MarkLogic has underlined its intent to increase links between its NoSQL database and open-source big-data platform Hadoop.
The firm's involvement with Hadoop goes back to November 2011 when it launched a Hadoop connector for its XML-based database, which can deal with large volumes of unstructured data in real time.
Now MarkLogic CEO Gary Bloom says that relationship will develop further with future iterations of the database, the engine behind the BBC's London 2012 Olympics website that handled up to 25,000 transactions per second.
"We'll continue to do more technology in our product to interface more tightly with the Hadoop environment — and in particular around tiered storage," he said.
The significance of tiered storage, according to Bloom, is that all data need not reside on the most expensive EMC disk arrays, providing options for companies to adopt storage at various prices and with varying levels of availability.
"So the service levels associated with them would tend to go down a little as you go further out, although some of those lower tiers are evolved to be very high performance," he said.
"What MarkLogic will do is if I have Hadoop and have layered my data across multiple tiers of storage, I can then search across all that data still — I don't care which tier it's in. If some of that data is offline — well, I just won't be searching that data at that point in time. I have the flexibility to stay up and running even if my archived data on a lower tier is not running."
Bloom said the relationship with Hadoop has continued to evolve since the appearance of its connector. That launch was followed by the announcement that MarkLogic could run natively on the Hadoop distributed file system, allowing organisations to use Hadoop's batch processing to load large volumes of data and then have it work with MarkLogic.
"If you don't have a MarkLogic stack above your Hadoop, you essentially have to build your own data-management architecture and search capability because Hadoop by itself is essentially a file system. It's good for storing information on disk and it does it very efficiently," Bloom said.
Hadoop management tools
In February, MarkLogic announced it is distributing Intel's version of Hadoop, together with the management tools that come with it for managing the Hadoop environment.

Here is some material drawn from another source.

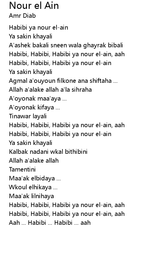 Habibi, Habibi, Habibi ya nour el-ain, aah |

According to Bloom, a typical application of the MarkLogic-Hadoop combination might be in a Wall Street-type environment or the financial services sector, where in some cases 10 or 20 years of data has to be stored.
"You can't just put it out on a tape backup and say, 'I've got the data'. You want to be able to search it. Then if you go into customers doing social analytics and other things, you're talking about massive volumes of data, and I want to be able to figure out where to target my products and how to drive revenue — well, I need to be able to search all my data and I can now do it with different classes of storage," Bloom said.
"That's what they're hoping to do with Hadoop. The problem that Hadoop has had is it's a really interesting technology, and a lot of people thought Hadoop would solve what's now emerged as the big-data problem. They thought it was a standalone solution and what they're coming to realise is that Hadoop by itself doesn't do all that much," he said.
"It's really a very advanced file system. It gets the data on disk, it efficiently batch-processes and produces the data and does some pre-processing. But once you have it on disk, you have to be able to search it. That's what the MarkLogic search engine and database are for: to create the environment where you can now actually access all that data."
Funding for MarkLogic sales push
Together with financial services, MarkLogic expects to find further customers in the media, government security, insurance fraud detection and healthcare. It recently raised $25m in new funding to finance a marketing and sales push into new vertical markets.
Bloom said MarkLogic is focusing on three technology themes. Along with tiered storage, cloud computing is a priority and creating the management tools for managing burst capacity to meet peak demand.
"If I'm using Amazon, I don't want to go grab 50 nodes for my peak period of processing at 7pm and then come in at 6am and find out that I still have 50 nodes allocated to me, because I'm going to be paying for them," he said.
The third area is adding semantics, exploiting MarkLogic's position as a database and a search supplier.
"Since we provide our customers the search engine and the database, we're going to do a lot of the semantics work. We're going to pre-process a lot of that as we put the data into the database," he said.
"So as the data is being ingested, we're going to be establishing a lot of the semantics capabilities at that time and then do the final part of the semantics processing in our search engine."